Would you reproduce exactly the lines below from the one holding "整个社区被大雪裹进了静谧的纯" through the one holding "stefant24 Δημοσ. 22", inclusive, and no others?

RECORDED INFORMATION =>
□ □ □ □ □
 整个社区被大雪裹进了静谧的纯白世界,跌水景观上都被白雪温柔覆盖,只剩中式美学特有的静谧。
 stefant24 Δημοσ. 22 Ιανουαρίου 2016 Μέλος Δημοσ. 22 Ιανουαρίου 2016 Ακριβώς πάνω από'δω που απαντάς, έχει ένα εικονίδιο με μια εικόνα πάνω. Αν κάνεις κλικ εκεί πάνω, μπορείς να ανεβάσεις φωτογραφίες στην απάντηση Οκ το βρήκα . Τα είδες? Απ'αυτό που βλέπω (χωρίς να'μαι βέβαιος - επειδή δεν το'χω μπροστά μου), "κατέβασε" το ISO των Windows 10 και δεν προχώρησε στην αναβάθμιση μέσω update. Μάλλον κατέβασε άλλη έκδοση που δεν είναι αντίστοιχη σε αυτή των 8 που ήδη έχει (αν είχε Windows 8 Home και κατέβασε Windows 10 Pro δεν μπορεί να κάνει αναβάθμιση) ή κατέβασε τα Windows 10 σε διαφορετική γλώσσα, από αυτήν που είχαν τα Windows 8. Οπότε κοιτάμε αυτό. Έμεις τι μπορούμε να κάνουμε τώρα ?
□ □ □ □ □
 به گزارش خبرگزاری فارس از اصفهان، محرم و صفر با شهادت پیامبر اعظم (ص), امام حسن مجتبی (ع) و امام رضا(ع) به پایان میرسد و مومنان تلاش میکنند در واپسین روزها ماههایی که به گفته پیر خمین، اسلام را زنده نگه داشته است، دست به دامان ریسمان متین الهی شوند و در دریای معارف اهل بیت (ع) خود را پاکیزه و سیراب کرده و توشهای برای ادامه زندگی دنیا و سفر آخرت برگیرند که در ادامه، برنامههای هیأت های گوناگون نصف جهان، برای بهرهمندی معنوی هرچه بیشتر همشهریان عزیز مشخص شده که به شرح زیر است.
□ □ □ □ □
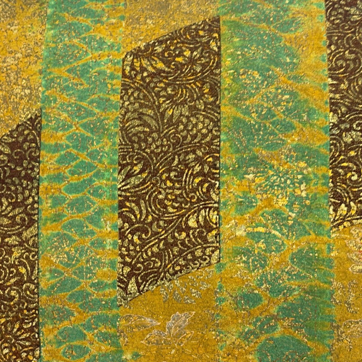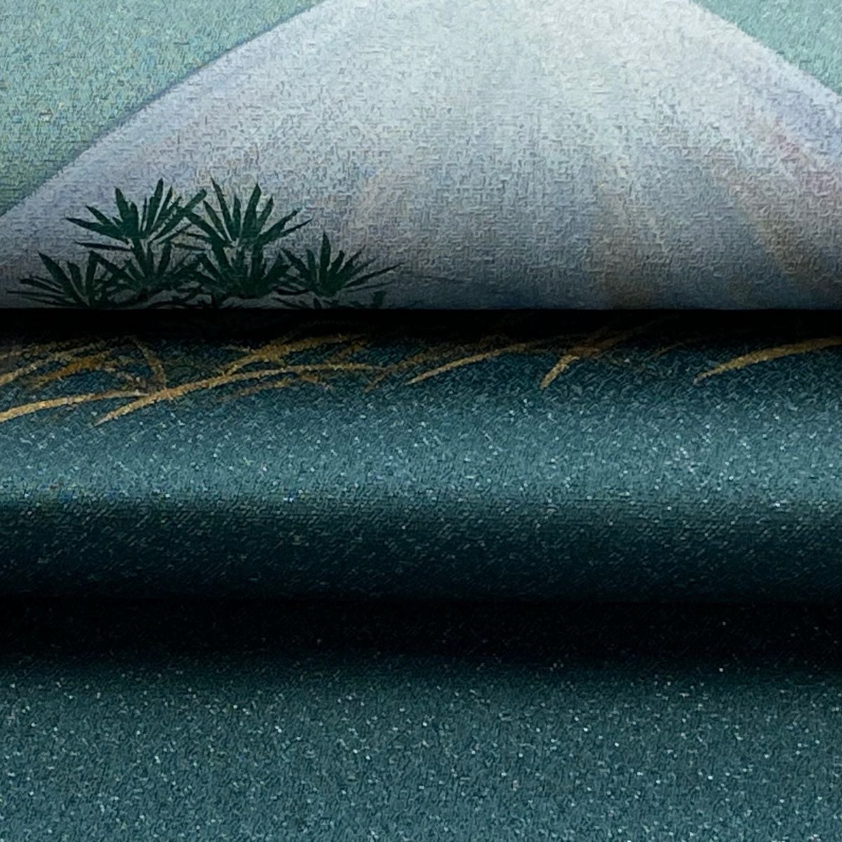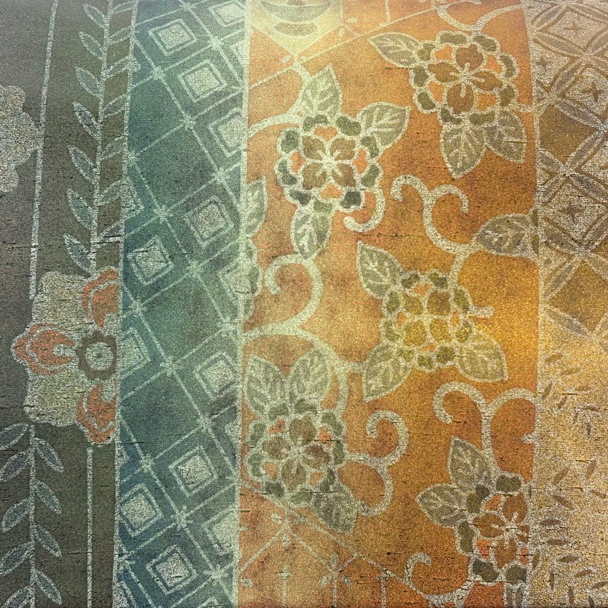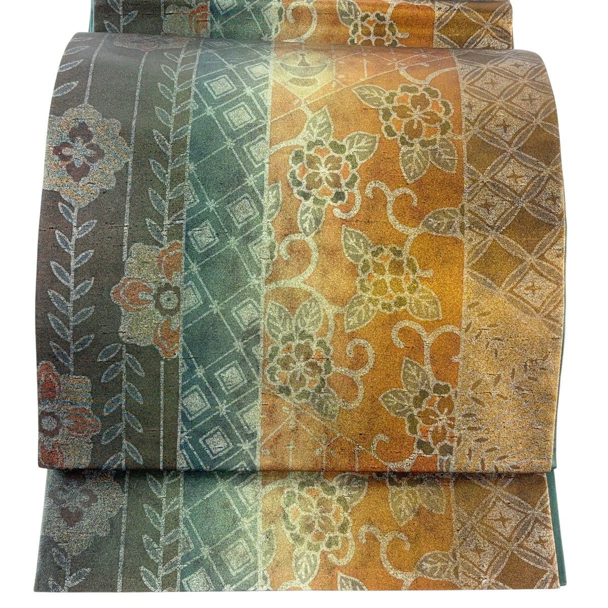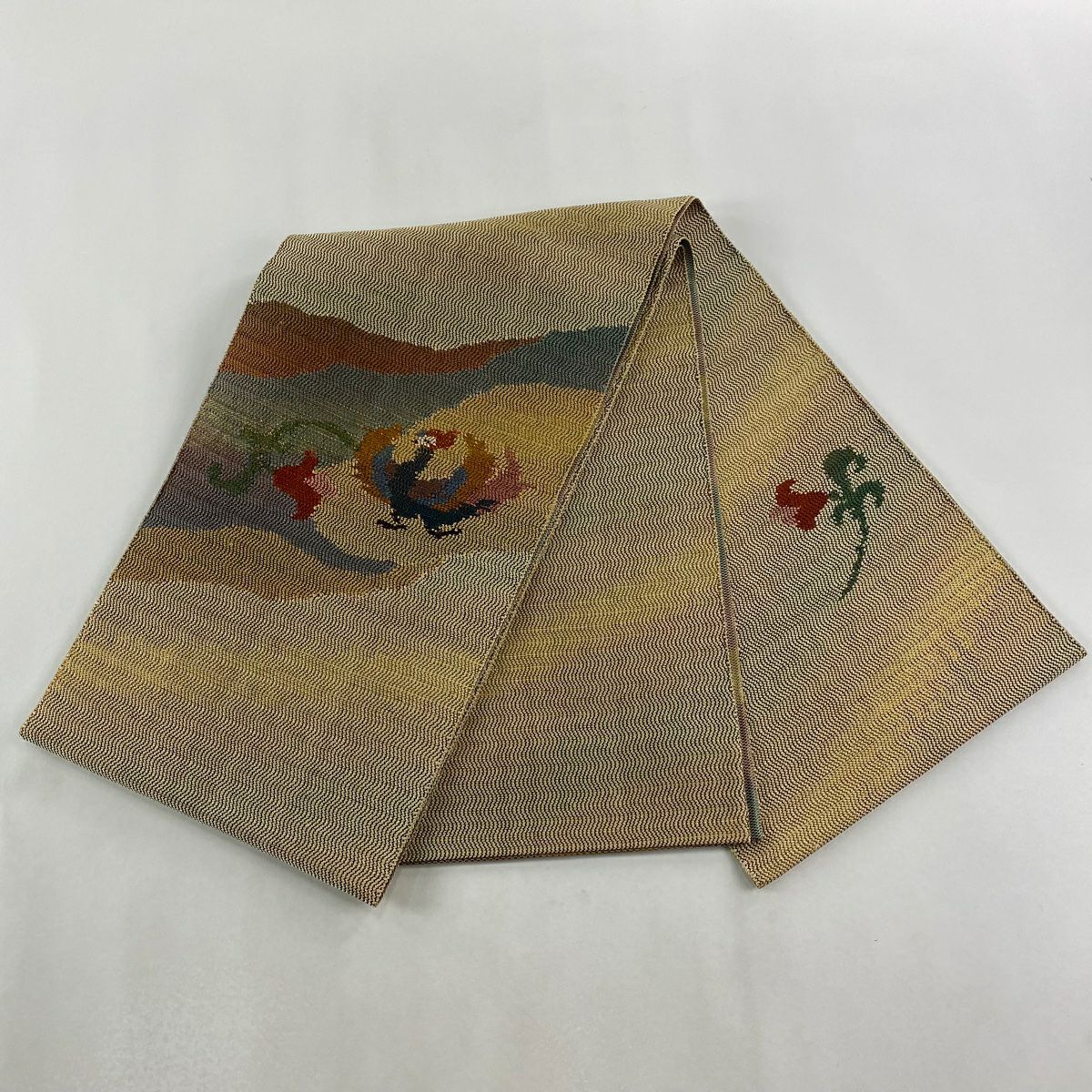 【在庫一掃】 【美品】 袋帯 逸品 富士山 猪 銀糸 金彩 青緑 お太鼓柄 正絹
□ □ □ □ □
COMPLETED EXERCISE =>
 整个社区被大雪裹进了静谧的纯白世界,跌水景观上都被白雪温柔覆盖,只剩中式美学特有的静谧。
 stefant24 Δημοσ. 22 Ιανουαρίου 2016 Μέλος Δημοσ. 22 Ιανουαρίου 2016 Ακριβώς πάνω από'δω που απαντάς, έχει ένα εικονίδιο με μια εικόνα πάνω. Αν κάνεις κλικ εκεί πάνω, μπορείς να ανεβάσεις φωτογραφίες στην απάντηση Οκ το βρήκα . Τα είδες? Απ'αυτό που βλέπω (χωρίς να'μαι βέβαιος - επειδή δεν το'χω μπροστά μου), "κατέβασε" το ISO των Windows 10 και δεν προχώρησε στην αναβάθμιση μέσω update. Μάλλον κατέβασε άλλη έκδοση που δεν είναι αντίστοιχη σε αυτή των 8 που ήδη έχει (αν είχε Windows 8 Home και κατέβασε Windows 10 Pro δεν μπορεί να κάνει αναβάθμιση) ή κατέβασε τα Windows 10 σε διαφορετική γλώσσα, από αυτήν που είχαν τα Windows 8. Οπότε κοιτάμε αυτό. Έμεις τι μπορούμε να κάνουμε τώρα ?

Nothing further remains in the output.